U.S. to Close Eavesdropping Post

The U.S. military is withdrawing its communications eavesdropping station from Bad Aibling, Germany, following consultations with the regional Baviarian government, officials tell ABCNEWS.com.

Operations at the facility — the subject of some controversy in Germany over concerns of U.S. spying — will end in September 2002, allowing the base to be returned to the German government.

Some German politicians have been calling for the base's closure.

The Bad Aibling station is one of a handful of major U.S.-run listening posts around the world that are part of the controversial, so-called "Echelon" system, which is believed to intercept global communications, sift through them, and transmit selected ones back to the United States and partner countries for analysis.

Echelon is said to be operated worldwide by five principal countries: the United Kingdom, the United States, Canada, Australia and New Zealand. It is believed to intercept large quantities of telephone, fax, Internet and e-mail communications through satellite receiver stations and possibly spy satellites.

The U.S. government has declined to discuss the existence of the system, but officials have often discussed the restrictions and capabilities of its global eavesdropping technology.

The decision to relocate the station was made following discussions with the Bavarian government, according to a National Security Agency spokeswoman. "As a result of that consultation, it was determined that closing that facility was the wisest course to take."

NSA and U.S. military officials gave no further indication of the reason for the closing, other than to say the forces there "will be consolidated and realigned."

The reported 1,800 American personnel working at Bad Aibling include Army, Navy, and Air Force intelligence units and civilians with the NSA, headquartered at Fort Meade, Md. According to the official, some of the civilian personnel will return to the United States and some will be transferred to other posts.

"The mission will remain, but be done elsewhere," said the NSA official. "It's not the end of the mission of the Bad Aibling station."

"I would say that, to the first approximation, anything they could do at Bad Aibling they could do at Menwith Hill. … I'd be really suprised if they were losing anything," says John Pike, director of the GlobalSecurity.org in Washington, D.C.

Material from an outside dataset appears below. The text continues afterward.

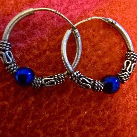 Hopeiset renkaan muotoiset korvakorut sinisellä timantilla. Uudenveroiset, ei ole käytetty montaa kertaa. Ostettu Kultajousesta.

Some 150 Germans reportedly work there as well.

'Echelon' Under Fire

Created in 1947, Bad Aibling was considered a key post for eavesdropping on Soviet and Eastern European communications during the Cold War. After the Cold War, its missions evolved, but the station still has been considered essential.

"Bad Aibling Station is an integral part of the Department of Defense communications network and provides support to U.S. and allied interests," said a press statement released today by the U.S. Army Intelligence and Security Command, which announced the closing.

However, some European politicians have alleged with increasing volume that the station and its sister station at Menwith Hill, U.K., have been eavesdropping on German and other European commercial concerns and citizens.

Last month, the European Union released a report alleging the system, including Bad Aibling, has been dedicated to eavesdropping on European civilians and companies, sometimes for industrial espionage.

The report argued the system violates EU law by gathering communications for purposes other than purely intelligence matters, and possibly violates European Union privacy rights.

Former CIA director James Woolsey, who led the agency from 1993 to 1995, said in various forums last year that European communications had been intercepted by the United States showing evidence of bribery by European companies to try to win international deals, information that had been used by the U.S. government against the companies.

Stories regularly surface in the German press of German companies alleging their communications are being intercepted by the Americans. Last June, the U.S. government took an unprecedented step to try to assuage those concerns. They allowed officials from the German Budestag, the parliament, to visit the supersecret facility to assure them it is not being used for economic espionage against German companies.

"With the end of the Cold War, I think it became increasingly difficult to explain why you had both Bad Aibling and Menwith Hill," says Pike. "And if the German politicians were getting antsy about Bad Aibling in a way that the British politicians were not about Menwith Hill, then I think it wouldn't be terribly difficult to see why that source of political irritation would be removed without any great loss to the nebulous control authority."

The announcement today of the decision to leave Bad Aibling may not have been fully anticipated by Washington. Congress in 1999 appropriated money for infrastructure and quality of life improvements at Bad Aibling and Menwith Hill for 2000 and 2001, as it did in 1998 and 1999.